Researchers at Yale University have assembled a large set of experts, including Marina, to verify the identification of Foraminifera in their collections using the crowdsourcing platform Notes from Nature. Marina suggested that the Buckley dataset should be added to what will be ‘the largest set of images of modern planktonic foraminifera.’

The crowd of experts have recently completed their classification work. Each image in the dataset had to be classified four times before it was marked as complete. Yale presented their results so far at the International conference on Foraminifera in June 2018 at the University of Edinburgh.

The main aims of the Yale project are for the collection of images to be used as a teaching dataset for the scientists of the future. The specimens classified by the experts can also provide example specimens to develop automatic recognition software.

slide from henry (Alexander) Buckley collection, where he formed his initials from specimens of Globigerinoides ruber
Slide from the Henry (Alexander) Buckley collection, where he formed his initials from specimens.

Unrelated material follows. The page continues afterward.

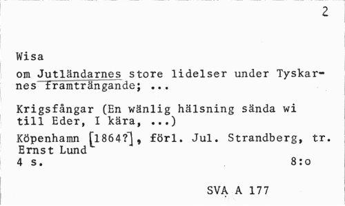 //// z //// Wisa //// om Jutländarnes store lidelser under Tyskarnes framträngande; ... //// Krigsfångar (En wänlig hälsning sända wi till Eder, I kära, ...) //// Köpenhamn [l864?^j, förl. Jul. Strandberg, tr. Ernst Lund //// 4 s. 8:0 //// SVA A 177 ////
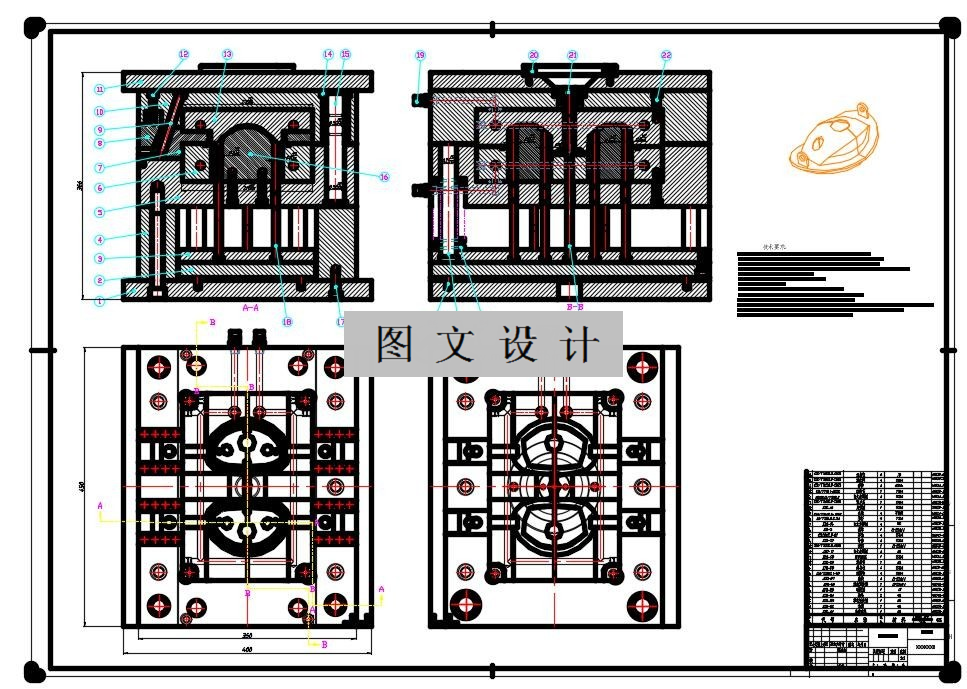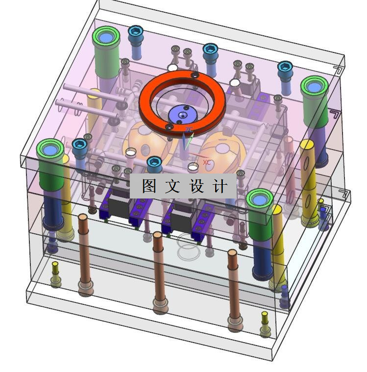 在本设计中进行了塑件工艺性分析、总体方案的设计、注塑机的选择、浇注系统的设计、成型零件的设计、脱模机构的设计、侧抽芯机构的设计及计算、导向和定位机构的设计、模架的选择、冷却系统的设计和计算等设计工作。在本次设计中,需要加工的工件有侧孔,采用了一个由侧型芯、固定件、挡块组成的侧抽芯机构,避免了采用斜导柱结构。

The Buckley collection dataset is openly available on the Museum’s Data Portal both as a list of slides and as records of individually imaged specimens. Yale will also be releasing a collaborative data paper with the participants of their crowdsourcing classification work and will make their dataset and learning publically available to the world.

Ironically even though Buckley didn’t achieve his dreams of producing an Atlas of Modern Planktonic Foraminifera during his lifetime, images and data from his collection are now contributing to the largest set of images of modern planktonic foraminifera ever compiled. This goes a long way to realising Henry Buckley’s dreams in the digital age.